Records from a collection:

'''

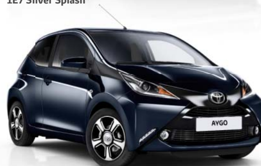
8R7 Deep Blue Buzz*
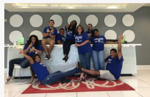
The Encore staff strikes a pose
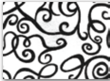
Midnight Swirl Z63 - White
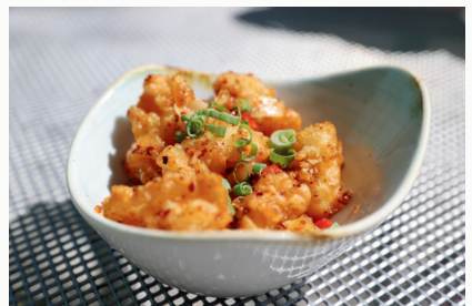
Garlic Calamari 蒜香鱿鱼卷 $16
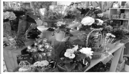
Mother's Day Gifts and Flowers
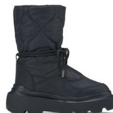
Endurance Padded Different colors available

More styles and colors — see Virtual Showroom.
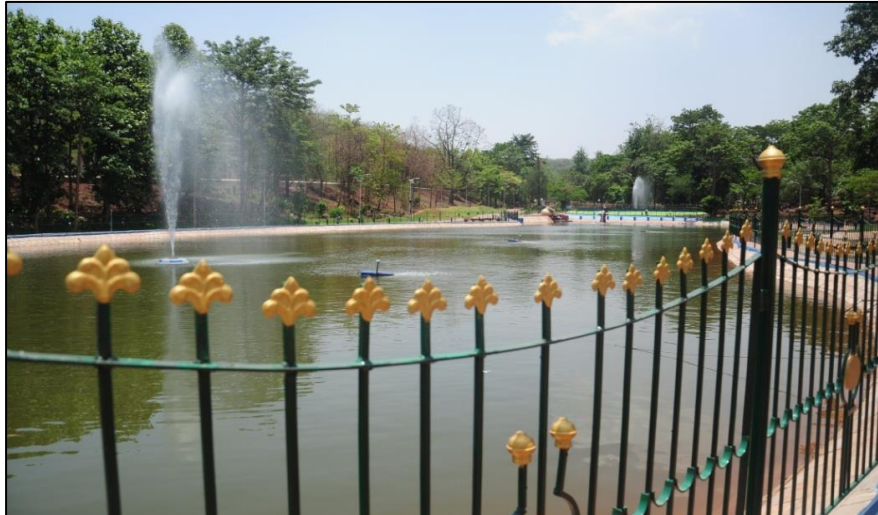
RWH at Central camp
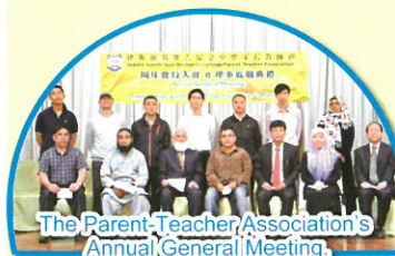
The Parent-Teacher Association's Annual General Meeting
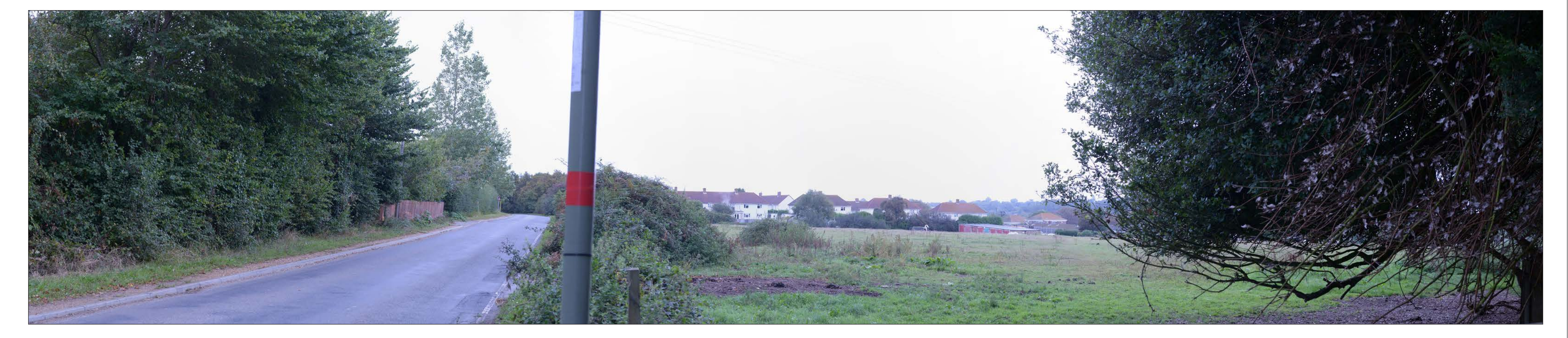
VIEWPOINT 3 (SUMMER): VIEW NORTH EAST FROM POSBROOK LANE AT JUNCTION WITH FOOTPATH 39

The photographs within this sheet have been scaled to match the equivalent view of the human eye, when printed out at A2 and viewed at a distance of 300mm.
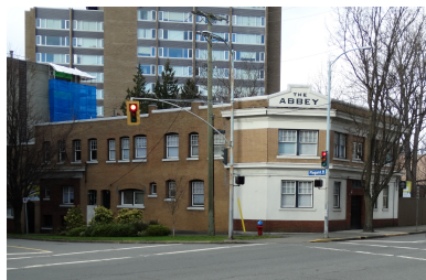
1702 Quadra, existing Abby

Book a free ticket for Sept. 26 lecture.
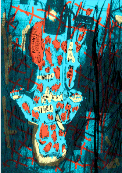
Title: Hi Mum, Hi Dad, I'm Upside Down Dimensions: 70cm X 50cm Medium: Screenprint Price: $1000.00
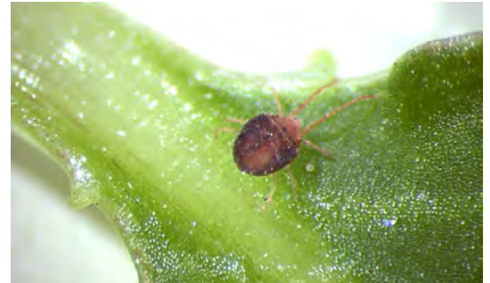
Clover Mite on garden impatiens.

After eggs hatch, the newly emerged immature clover mites move to feed on plant juices, molt, and pass through two nymphal stages. Approximately one month is needed to complete one generation
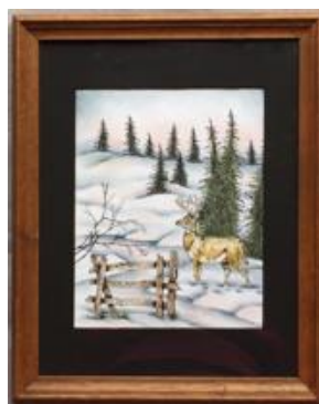
13 – Night Watch Oil Rouging – 14x11” – Beg $50 Kathy Myrick 4 hr Sunday 9:00 – 1:00 PM
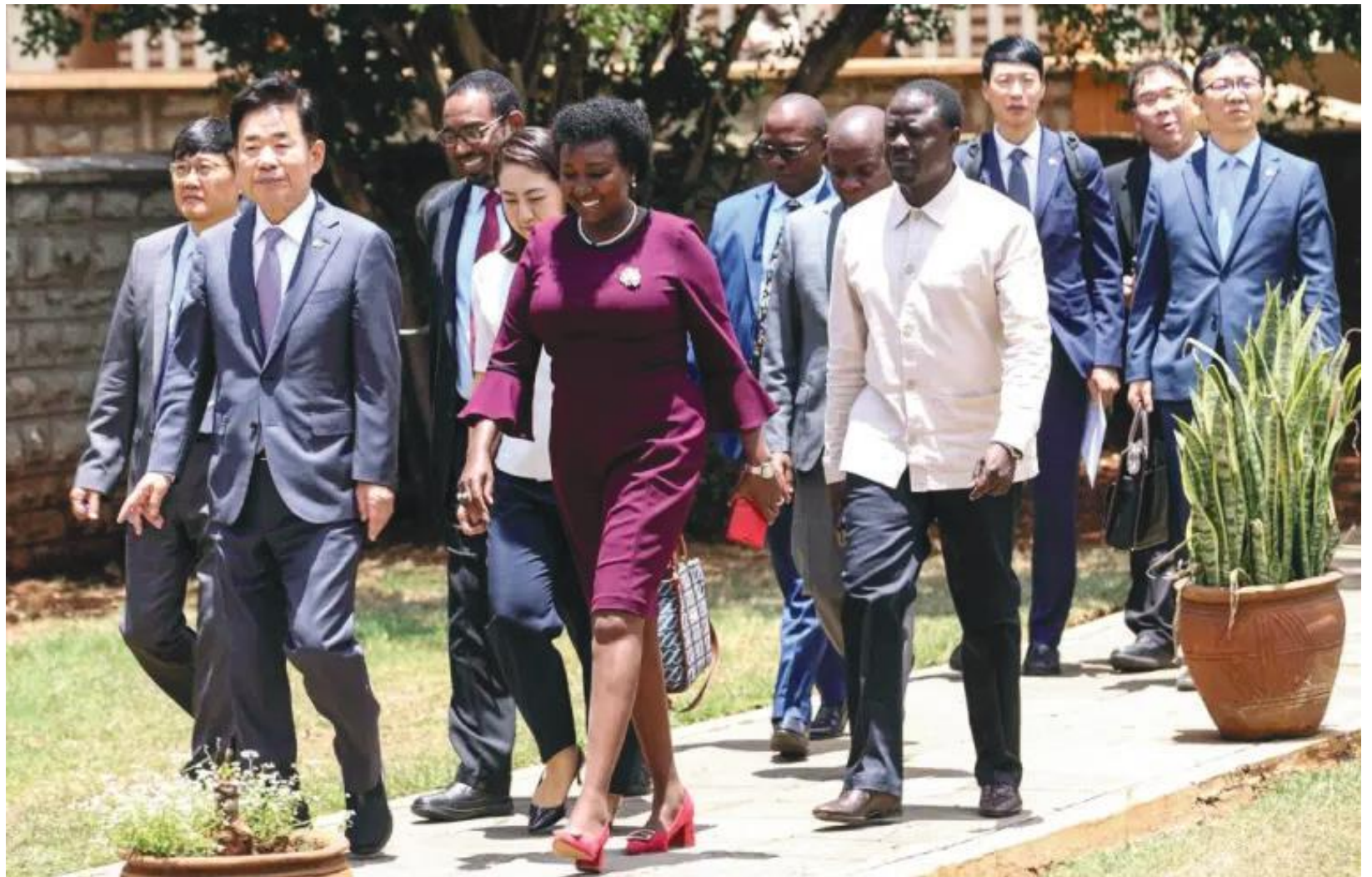
Kenya – Romania parliamentarians
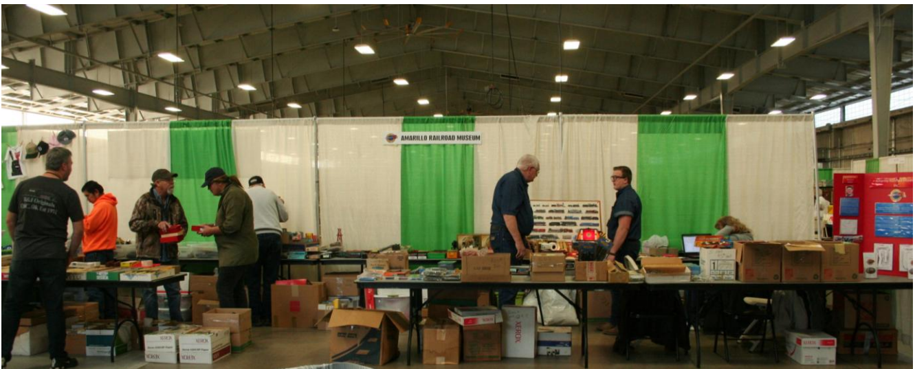
ARM Booth before show opened Saturday morning; other vendors shopping while we were setting-up.

'''

What is needed ->
Write out the data word for word, with every picture dropped.

Answer to this task ->
8R7 Deep Blue Buzz*
The Encore staff strikes a pose
Midnight Swirl Z63 - White
Garlic Calamari 蒜香鱿鱼卷 $16
Mother's Day Gifts and Flowers
Endurance Padded Different colors available

More styles and colors — see Virtual Showroom.
RWH at Central camp
The Parent-Teacher Association's Annual General Meeting
VIEWPOINT 3 (SUMMER): VIEW NORTH EAST FROM POSBROOK LANE AT JUNCTION WITH FOOTPATH 39

The photographs within this sheet have been scaled to match the equivalent view of the human eye, when printed out at A2 and viewed at a distance of 300mm.
1702 Quadra, existing Abby

Book a free ticket for Sept. 26 lecture.
Title: Hi Mum, Hi Dad, I'm Upside Down Dimensions: 70cm X 50cm Medium: Screenprint Price: $1000.00
Clover Mite on garden impatiens.

After eggs hatch, the newly emerged immature clover mites move to feed on plant juices, molt, and pass through two nymphal stages. Approximately one month is needed to complete one generation
13 – Night Watch Oil Rouging – 14x11” – Beg $50 Kathy Myrick 4 hr Sunday 9:00 – 1:00 PM
Kenya – Romania parliamentarians
ARM Booth before show opened Saturday morning; other vendors shopping while we were setting-up.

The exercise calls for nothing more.